In 1987, Bretislav Friedrich joined Dudley Herschbach's group at Harvard University, at first as a research associate. During the following sixteen years at Harvard, he developed techniques to orient and align gas-phase molecules by exploiting the interactions between their permanent and induced dipole moments and external electric, magnetic, and optical fields. Together with the group of John Doyle at Harvard Physics, he also pioneered the study of cold molecules, by helping to develop the buffer-gas cooling technique and its combination with magnetic trapping.
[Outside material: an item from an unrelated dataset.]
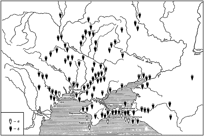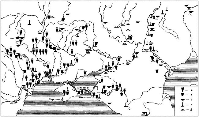 Наиболее ранние археологические свидетельства регулярного импорта вина в Скифию и другие территории туземных племен Северного Причерноморья относятся еще к VI в. до н. э. В VI–V вв. до н. э., как и в самих греческих городах, наиболее широким в варварской среде был импорт хиосского вина, в определенном, но значительно меньшем количестве, вина Самоса, Лесбоса и некоторых других неизвестных центров. Особенно интенсивным в это время греческий импорт был (если не считать ближайшего варварского окружения городов) в среднем Приднепровье, у лесостепных племен (Онайко Н.А., 1966а), а также в нижнем Прикубанье (синды, меоты) (Зеест И.Б., 1960). С V в. до н. э. во все возрастающем объеме начинает импортироваться фасосское вино. Главным посредником в греко-варварской торговле в это время была Ольвия, откуда импорт поступал не только на обширные лесостепные территории Приднепровья, но, возможно, и далее на восток, в частности в бассейн Северского Донца. В Северо-Восточном Причерноморье эти же функции выполнял Пантикапей и города азиатского Боспора – Фанагория и Гермонасса. Помимо вина, еще в начальный период регулярной греко-варварской торговли в те же районы поступает греческая художественная и столовая посуда. Древнейшие образцы ее относятся к концу VII в. и, как правило, являются дорогими художественными, порою уникальными изделиями. Большинство их происходит из погребений кочевнической знати. В VI и начале V в. до н. э. это керамика из ионийских центров и аттическая, в V в. до н. э. – главным образом аттическая (Онайко Н.А., 1966а; Брашинский И.Б., 1976в), а отчасти и местного северочерноморского производства. В некотором количестве импортировались также предметы вооружения главным образом оборонительные доспехи (шлемы, кнемиды); в основном их импорт падает уже на IV в. до н. э. (Черненко Е.В., 1968). Ввозилась и металлическая посуда (табл. LXXII) и различные украшения (Онайко Н.А., 1966а; Петренко В.Г., 1978). Особо широкого размаха греко-варварская торговля в Северном Причерноморье достигает в IV в. до н. э.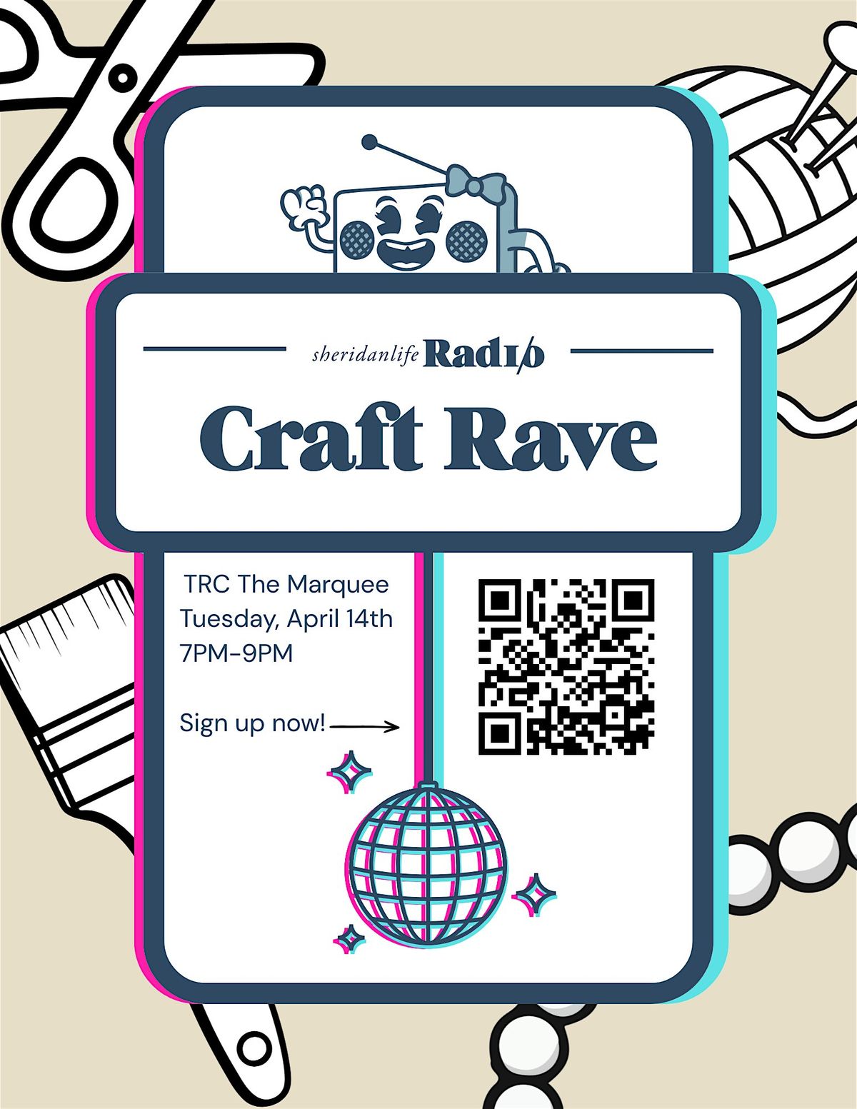 Join Sheridanlife Radio on April 14th from 7 PM – 9 PM for a high-energy Craft Rave designed to help you power through projects, unwind, and connect with fellow students.

In 1997, he was appointed Senior Research Fellow and Lecturer in Chemistry at Harvard University.

In 2003, he became a Research Group Leader at the Fritz Haber Institute of the Max Planck Society in Berlin, Germany, where he has been based ever since. His current research is chiefly theoretical (with a predilection for an analytic approach), but closely related to ongoing experiments. It revolves around interactions of molecules with and in fields and branches out into areas such as super-symmetric quantum mechanics, quantum computing, and spectroscopy of molecules in helium nano-droplets.

Personal life
Bretislav Friedrich and his wife, Christine Storch, have three children, Juliane (b. 2007), Christian (b. 2008) and Jitka (b. 2010). His daughter Jana (b. 1982), from his marriage with Helena Friedrich (1955–2002), is a graphic-design artist, living in Prague.

History of Science
Alongside his scientific research, Bretislav Friedrich has maintained an abiding interest in the History of Science and has written on the emergence of quantum mechanics and of physical and theoretical chemistry as well as penned numerous biographical articles.

Disarmament
In 2015, Bretislav Friedrich co-organized an international symposium to mark the centenary of the infamous chlorine cloud attack at Ypres in 1915. The symposium examined key aspects of chemical warfare from the first research on and deployment of chemical weapons in World War I to the development and use of chemical warfare during the century hence. The focus was on scientific, ethical, legal, and political issues of chemical weapons research and deployment — including the issue of dual use — as well as the ongoing effort to control the possession of chemical weapons and to ultimately achieve their elimination.  A proceedings volume consisting of papers presented at the symposium and supplemented by additional articles covers key aspects of chemical warfare from 1915 until this day.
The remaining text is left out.